### REQUIRED ACTION:
For each line of the listing below that contains the string "leur", copy the line.

### DATASET CONTENT:
■ ■ ■ ■ ■

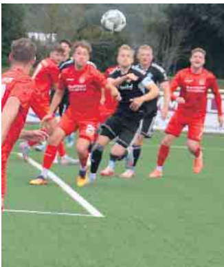
Lange Zeit konnte der Gastgeber seine Chancen nicht nutzen

Fans. Er durfte in der 94. Minute den Platz verlassen und wurde durch Jannik Goethe ersetzt. In der 8. Minute der Nachspielzeit sah ein gegnerischer Spieler die rote Karte, was jedoch keinen Einfluss mehr auf den Spielverlauf hatte. Während der Gegner aus Hangelar damit weiterhin ohne einen Sieg blieb und auf den 12. Tabellenplatz abrutscht, sonst sich der TuS 05 auf Platz 1. Während unter der Woche ein
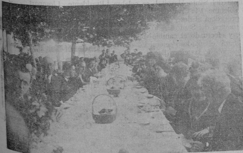
Comicia de compañerismo en el Hotel Victoria para celebrar la inauguración del Museo Pedagógico

En el fondo, si examinamos las dificultades, puramente parlamentarias, con que el Gobierno ha tropezado estos días, se advertirá, aparte del natural deseo de llegar al poder, que es legítimo y obligado si se quiere hacer
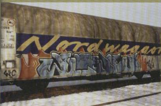
Rec - 2002
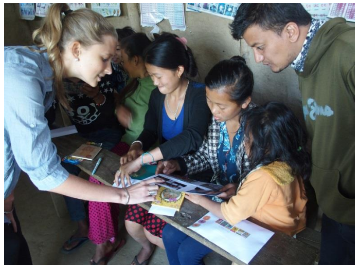
Les enfants parrainés découvrent eux aussi la lettre de leur « sponsor » .

Nous souhaitons exprimer ici la réelle reconnaissance des familles des enfants parrainés. A plusieurs reprises, les parents ont mentionné à quel point la prise en charge financière de la scolarité de leur enfant les soulageait au quotidien et leur donnait de l'espoir pour le futur. Cela représente en effet une chance unique de progrès : les enfants accéderont plus aisément au diplôme de fin d'études secondaires, voire à des études supérieures qu'ils choisiront, sésame pour un emploi et une vie plus digne.
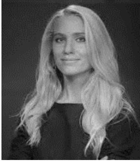
Світлана ЗАЛИЩУК Народний депутат України

У жовтні 2014 Світлану Заліщук було обрано народним депутатом України. Вона є членом Комітету у закордонних справах та головою підкомітету з питань євроатлантичного співробітництва та євроінтеграції. Світлана п'ять років працювала виконавчим директором ГО «Центр UA», яка опікується правами людини та боротьбою з корупцією. Також Світлана була координаторкою кількох впливових громадянських кампаній, включно з «Реанімаційним пакетом реформ», які після подій Євромайдану об'єднали понад 50 неурядових організацій та різних експертів у справі просування демократичних реформ і політик.

■ ■ ■ ■ ■

### ANSWER TO THE PROBLEM:
Les enfants parrainés découvrent eux aussi la lettre de leur « sponsor » .
Nous souhaitons exprimer ici la réelle reconnaissance des familles des enfants parrainés. A plusieurs reprises, les parents ont mentionné à quel point la prise en charge financière de la scolarité de leur enfant les soulageait au quotidien et leur donnait de l'espoir pour le futur. Cela représente en effet une chance unique de progrès : les enfants accéderont plus aisément au diplôme de fin d'études secondaires, voire à des études supérieures qu'ils choisiront, sésame pour un emploi et une vie plus digne.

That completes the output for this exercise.